Segment Start: RECORD EXCERPTS

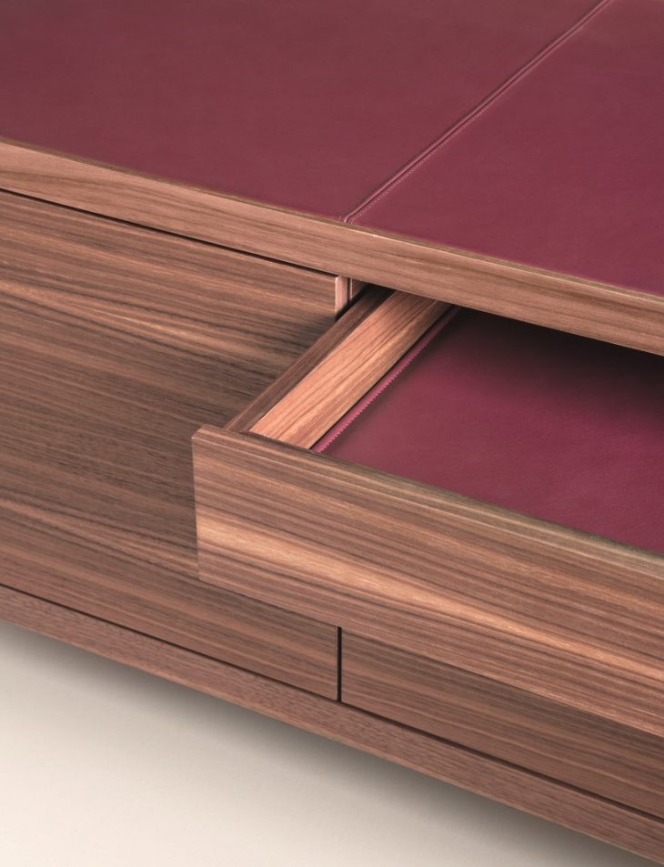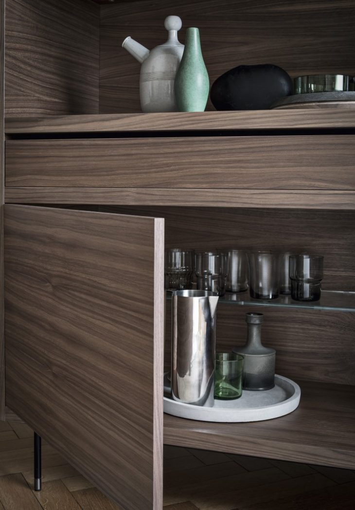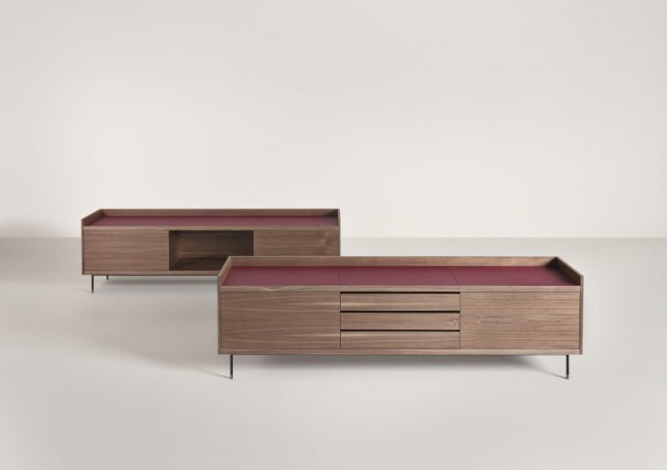 Christophe Pillet designed Privè, a group of storage units that unite 1960 style inspirations, contemporary lines and precious materials, taking care of details in its own characteristic mannerism. The concept combines elements of great materiality, such as its walnut case, the glass shelves and the leather details of the top and of the accessories, along with a design made of thin weights, 45° edges and the lightness of the four thin little legs in dark brushed steel tubing. Take a look at the complete story below.
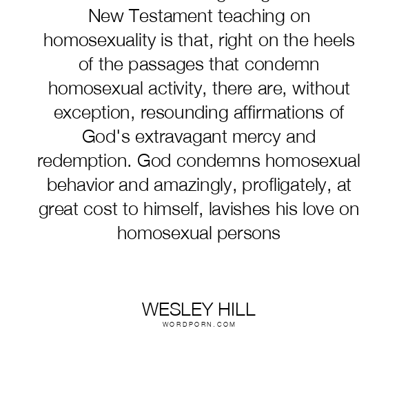 One of the most striking things about the New Testament teaching on homosexuality is that, right on the heels of the passages that condemn homosexual activity, there are, without exception, resounding affirmations of God's extravagant mercy and redemption. God condemns homosexual behavior and amazingly, profligately, at great cost to himself, lavishes his love on homosexual persons
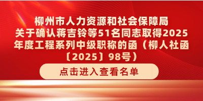 关于确认蒋吉铃等51名同志取得2025年度工程系列中级职称的函(柳人社函〔2025〕98号)
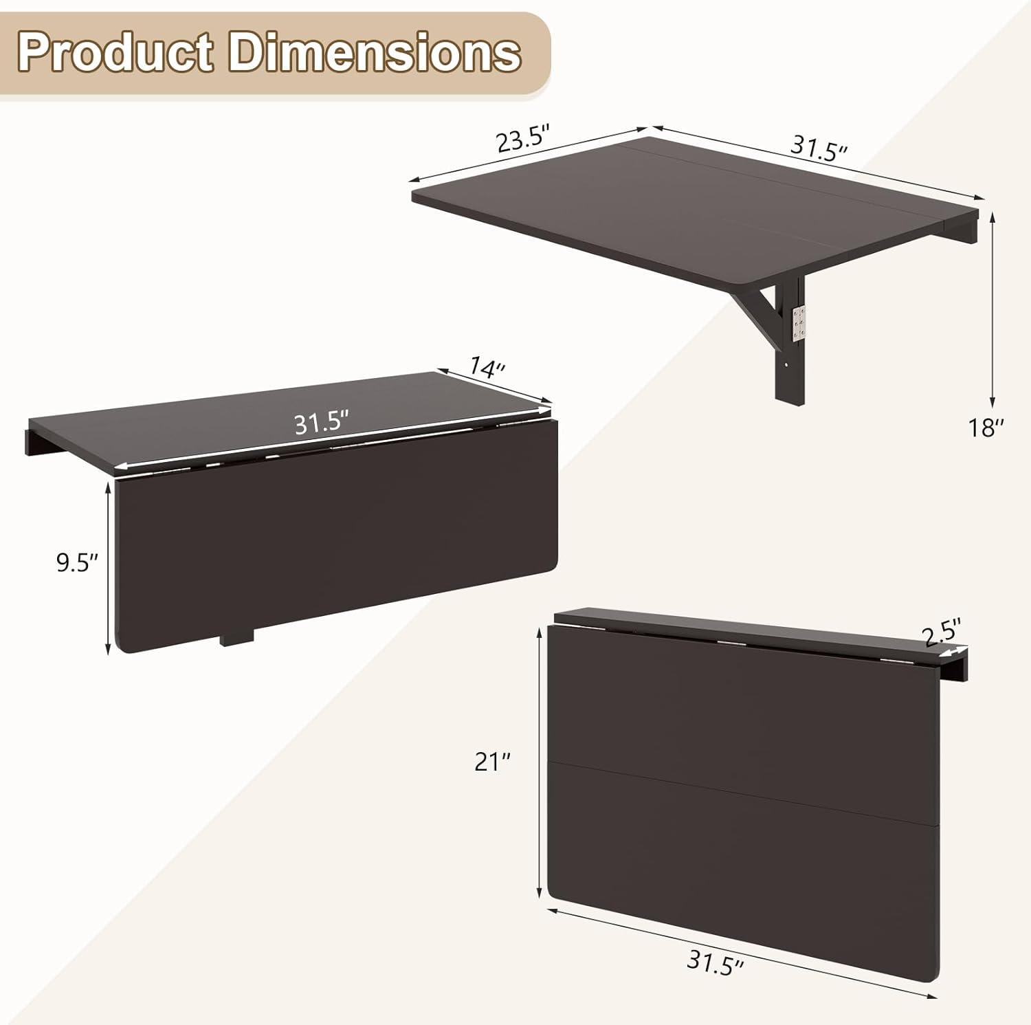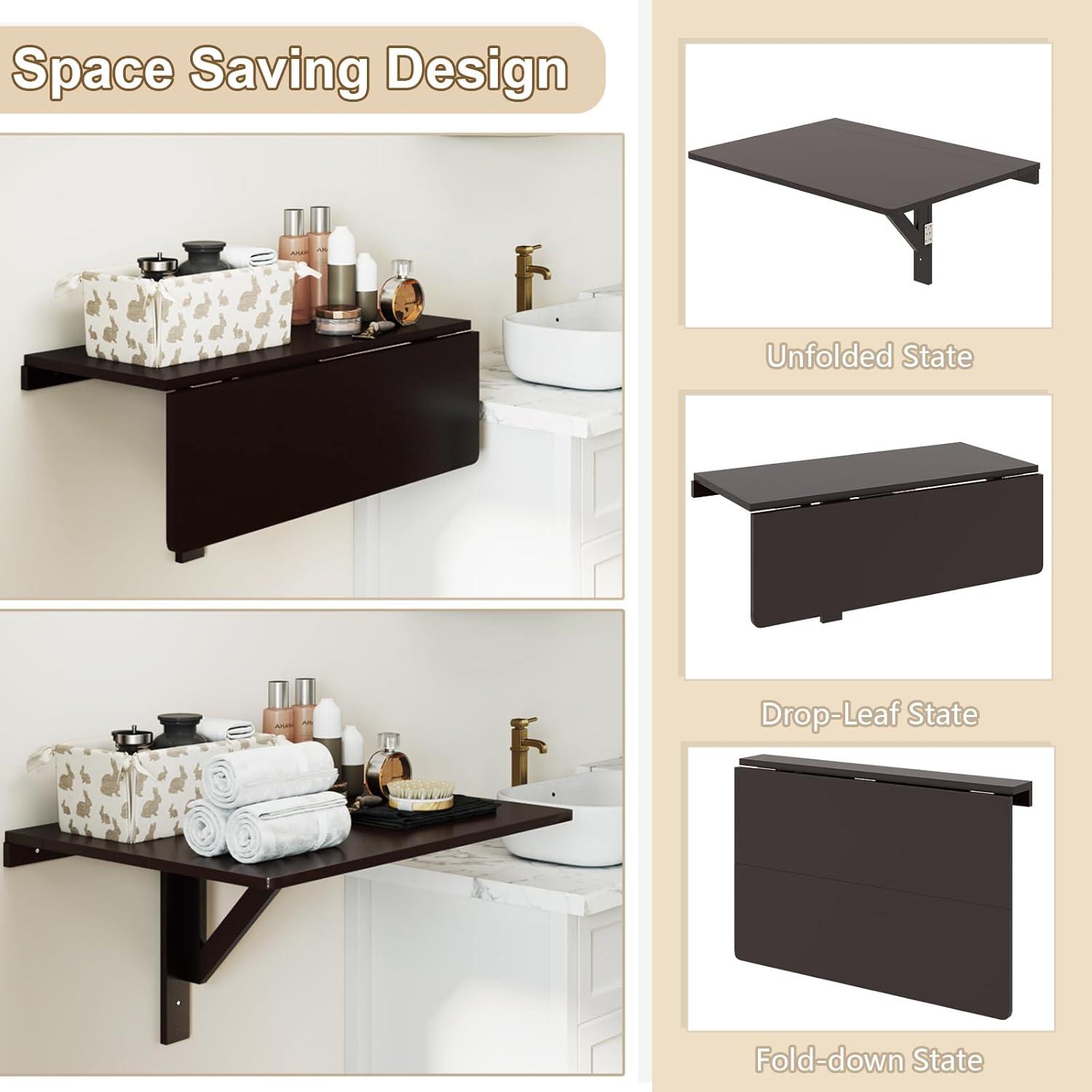 Wall-Mounted Desk, 31.5″ x 23.5″ Dual Folding Workbench, Drop-Leaf Foldable Table, Space-Saving Folding Desk for Small Spaces, Kitchen, Laundry Room, Home, Office (White)(Coffee)
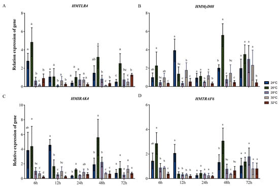 Expression profiles of HMTLR4 (A), HMMyD88 (B), HMIRAK4 (C) and HMTRAF6 (D) in gills of scallops at different temperatures. Bars represent standard deviation. For statistical analysis, a separate one-factor analysis of variance (ANOVA) was performed at each time point and levels were accepted as significant if p value < 0.05. The different letters indicate significant differences in gene expression between groups at the same time point.
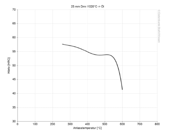 The working hardness for this steel grade is at approx. 53 – 58 HRC.
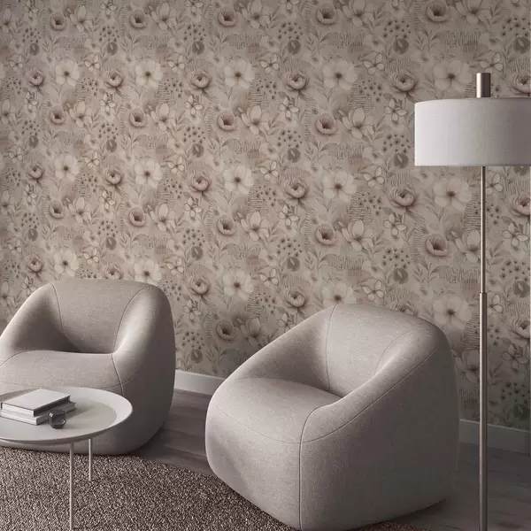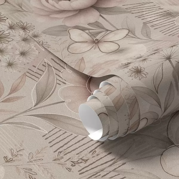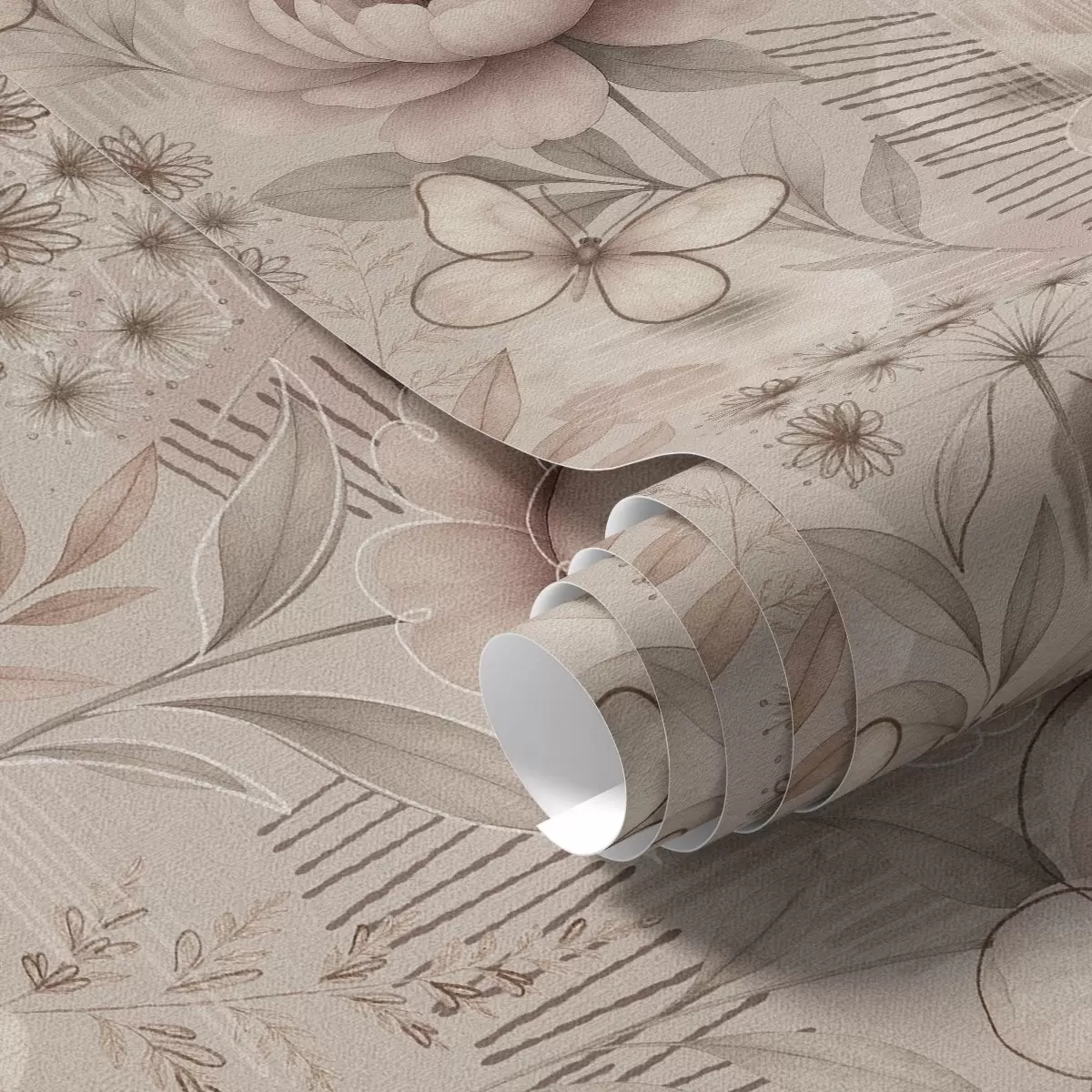 Tapete Sepia-beige Blumenmuster mit Schmetterlingen und linearen Akzenten Nr. a00870

Segment End: RECORD EXCERPTS

> [WHAT YOU SHOULD DO]: Return the whole listing word for word, minus its pictures.

> [RESULT FOR THIS EXERCISE]:
 Christophe Pillet designed Privè, a group of storage units that unite 1960 style inspirations, contemporary lines and precious materials, taking care of details in its own characteristic mannerism. The concept combines elements of great materiality, such as its walnut case, the glass shelves and the leather details of the top and of the accessories, along with a design made of thin weights, 45° edges and the lightness of the four thin little legs in dark brushed steel tubing. Take a look at the complete story below.
 One of the most striking things about the New Testament teaching on homosexuality is that, right on the heels of the passages that condemn homosexual activity, there are, without exception, resounding affirmations of God's extravagant mercy and redemption. God condemns homosexual behavior and amazingly, profligately, at great cost to himself, lavishes his love on homosexual persons
 关于确认蒋吉铃等51名同志取得2025年度工程系列中级职称的函(柳人社函〔2025〕98号)
 Wall-Mounted Desk, 31.5″ x 23.5″ Dual Folding Workbench, Drop-Leaf Foldable Table, Space-Saving Folding Desk for Small Spaces, Kitchen, Laundry Room, Home, Office (White)(Coffee)
 Expression profiles of HMTLR4 (A), HMMyD88 (B), HMIRAK4 (C) and HMTRAF6 (D) in gills of scallops at different temperatures. Bars represent standard deviation. For statistical analysis, a separate one-factor analysis of variance (ANOVA) was performed at each time point and levels were accepted as significant if p value < 0.05. The different letters indicate significant differences in gene expression between groups at the same time point.
 The working hardness for this steel grade is at approx. 53 – 58 HRC.
 Tapete Sepia-beige Blumenmuster mit Schmetterlingen und linearen Akzenten Nr. a00870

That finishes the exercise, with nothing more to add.